[Start of Attachment]
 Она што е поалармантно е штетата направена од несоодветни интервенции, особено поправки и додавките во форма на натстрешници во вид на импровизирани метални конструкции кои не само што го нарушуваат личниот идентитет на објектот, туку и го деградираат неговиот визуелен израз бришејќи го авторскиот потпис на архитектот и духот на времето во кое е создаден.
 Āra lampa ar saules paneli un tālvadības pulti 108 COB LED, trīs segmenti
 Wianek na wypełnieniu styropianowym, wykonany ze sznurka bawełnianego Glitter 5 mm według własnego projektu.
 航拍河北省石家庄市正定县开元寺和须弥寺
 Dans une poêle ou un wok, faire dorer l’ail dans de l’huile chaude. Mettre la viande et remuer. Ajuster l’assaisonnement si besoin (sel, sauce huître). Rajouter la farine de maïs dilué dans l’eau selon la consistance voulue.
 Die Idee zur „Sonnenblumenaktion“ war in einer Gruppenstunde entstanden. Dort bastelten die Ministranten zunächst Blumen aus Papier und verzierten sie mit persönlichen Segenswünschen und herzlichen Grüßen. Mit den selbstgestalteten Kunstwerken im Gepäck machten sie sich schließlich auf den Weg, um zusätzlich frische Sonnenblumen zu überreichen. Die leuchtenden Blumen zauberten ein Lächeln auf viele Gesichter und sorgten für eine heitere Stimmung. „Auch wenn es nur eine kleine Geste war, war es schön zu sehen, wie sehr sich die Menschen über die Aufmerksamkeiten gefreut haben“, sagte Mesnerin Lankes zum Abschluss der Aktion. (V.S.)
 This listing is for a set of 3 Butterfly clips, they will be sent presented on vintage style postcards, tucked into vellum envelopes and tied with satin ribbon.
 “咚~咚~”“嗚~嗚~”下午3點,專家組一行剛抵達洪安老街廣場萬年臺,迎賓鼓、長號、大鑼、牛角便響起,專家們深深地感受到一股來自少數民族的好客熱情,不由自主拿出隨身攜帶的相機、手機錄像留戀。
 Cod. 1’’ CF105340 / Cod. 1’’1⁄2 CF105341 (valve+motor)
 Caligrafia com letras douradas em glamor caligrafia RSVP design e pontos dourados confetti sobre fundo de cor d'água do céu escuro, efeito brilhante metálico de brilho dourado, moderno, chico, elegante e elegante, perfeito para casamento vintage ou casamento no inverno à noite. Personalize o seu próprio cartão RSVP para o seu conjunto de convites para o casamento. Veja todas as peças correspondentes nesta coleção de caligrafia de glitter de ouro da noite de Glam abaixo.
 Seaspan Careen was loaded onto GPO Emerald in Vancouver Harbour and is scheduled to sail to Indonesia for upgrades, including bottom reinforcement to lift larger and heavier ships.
[End of Attachment]
Exercise description → Repeat every line of the records above exactly.

Task result →
 Она што е поалармантно е штетата направена од несоодветни интервенции, особено поправки и додавките во форма на натстрешници во вид на импровизирани метални конструкции кои не само што го нарушуваат личниот идентитет на објектот, туку и го деградираат неговиот визуелен израз бришејќи го авторскиот потпис на архитектот и духот на времето во кое е создаден.
 Āra lampa ar saules paneli un tālvadības pulti 108 COB LED, trīs segmenti
 Wianek na wypełnieniu styropianowym, wykonany ze sznurka bawełnianego Glitter 5 mm według własnego projektu.
 航拍河北省石家庄市正定县开元寺和须弥寺
 Dans une poêle ou un wok, faire dorer l’ail dans de l’huile chaude. Mettre la viande et remuer. Ajuster l’assaisonnement si besoin (sel, sauce huître). Rajouter la farine de maïs dilué dans l’eau selon la consistance voulue.
 Die Idee zur „Sonnenblumenaktion“ war in einer Gruppenstunde entstanden. Dort bastelten die Ministranten zunächst Blumen aus Papier und verzierten sie mit persönlichen Segenswünschen und herzlichen Grüßen. Mit den selbstgestalteten Kunstwerken im Gepäck machten sie sich schließlich auf den Weg, um zusätzlich frische Sonnenblumen zu überreichen. Die leuchtenden Blumen zauberten ein Lächeln auf viele Gesichter und sorgten für eine heitere Stimmung. „Auch wenn es nur eine kleine Geste war, war es schön zu sehen, wie sehr sich die Menschen über die Aufmerksamkeiten gefreut haben“, sagte Mesnerin Lankes zum Abschluss der Aktion. (V.S.)
 This listing is for a set of 3 Butterfly clips, they will be sent presented on vintage style postcards, tucked into vellum envelopes and tied with satin ribbon.
 “咚~咚~”“嗚~嗚~”下午3點,專家組一行剛抵達洪安老街廣場萬年臺,迎賓鼓、長號、大鑼、牛角便響起,專家們深深地感受到一股來自少數民族的好客熱情,不由自主拿出隨身攜帶的相機、手機錄像留戀。
 Cod. 1’’ CF105340 / Cod. 1’’1⁄2 CF105341 (valve+motor)
 Caligrafia com letras douradas em glamor caligrafia RSVP design e pontos dourados confetti sobre fundo de cor d'água do céu escuro, efeito brilhante metálico de brilho dourado, moderno, chico, elegante e elegante, perfeito para casamento vintage ou casamento no inverno à noite. Personalize o seu próprio cartão RSVP para o seu conjunto de convites para o casamento. Veja todas as peças correspondentes nesta coleção de caligrafia de glitter de ouro da noite de Glam abaixo.
 Seaspan Careen was loaded onto GPO Emerald in Vancouver Harbour and is scheduled to sail to Indonesia for upgrades, including bottom reinforcement to lift larger and heavier ships.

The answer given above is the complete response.